Cape Town: The end of Kolpak deals offers South African cricket the chance for an injection of much-needed experience and talent into the domestic game that should provide more depth for the national team.
The United Kingdom’s exit from the European Union will bring to an end a loophole that currently gives anyone with a work permit from a country that has an associate trading agreement with the European Union the same rights as an EU worker.
South African cricketers have been major beneficiaries down the years, signing lucrative contracts with English counties that automatically disqualify them from representing the national team.
But Cricket South Africa director of cricket Graeme Smith says they will welcome back any former Kolpak players who are willing to be part of the domestic structures as the national side struggles to rebuild its ailing test team.
These include Essex spinner Simon Harmer, who was named one of five cricketers of the year in the 2020 edition of Wisden Cricketers’ Almanack, seamers Duane Olivier and Kyle Abbott, and batsman Rilee Rossouw.
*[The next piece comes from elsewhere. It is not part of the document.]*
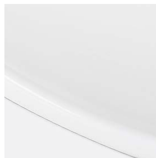
Blendrand der Deckenaussparung

“With Kolpak coming to an end, I guess the willingness is always to have our best players in the system,” Smith told reporters via a video conference.
“It is up to the players to come back into the system and to make decisions on their careers."
“From our perspective, we want to encourage all our best players to play here domestically, and then give themselves the opportunity to be selected for the national side.”
Seamer Dane Paterson, who played in two tests against England in January, became the 45th South African to take up a Kolpak deal when he signed for Nottinghamshire earlier this month.
But he could well be the last, with the UK set to exit the European Union in December, which could see a rush of seasoned former South Africa internationals back into the frame for selection.
“We don’t ever want to exclude players from being part of our system and we understand that the landscape of the world game is very different now to what it was,” Smith continued.
“Open minds and how we look at these things is going to be key to how we keep our best players. How we keep them motivated and in our game.”
The Kolpak ruling is named after Maros Kolpak, a Slovak handball player who in 2000 claimed restraint of trade and won a European court ruling that allowed him to play in Germany before Slovakia became part of the EU.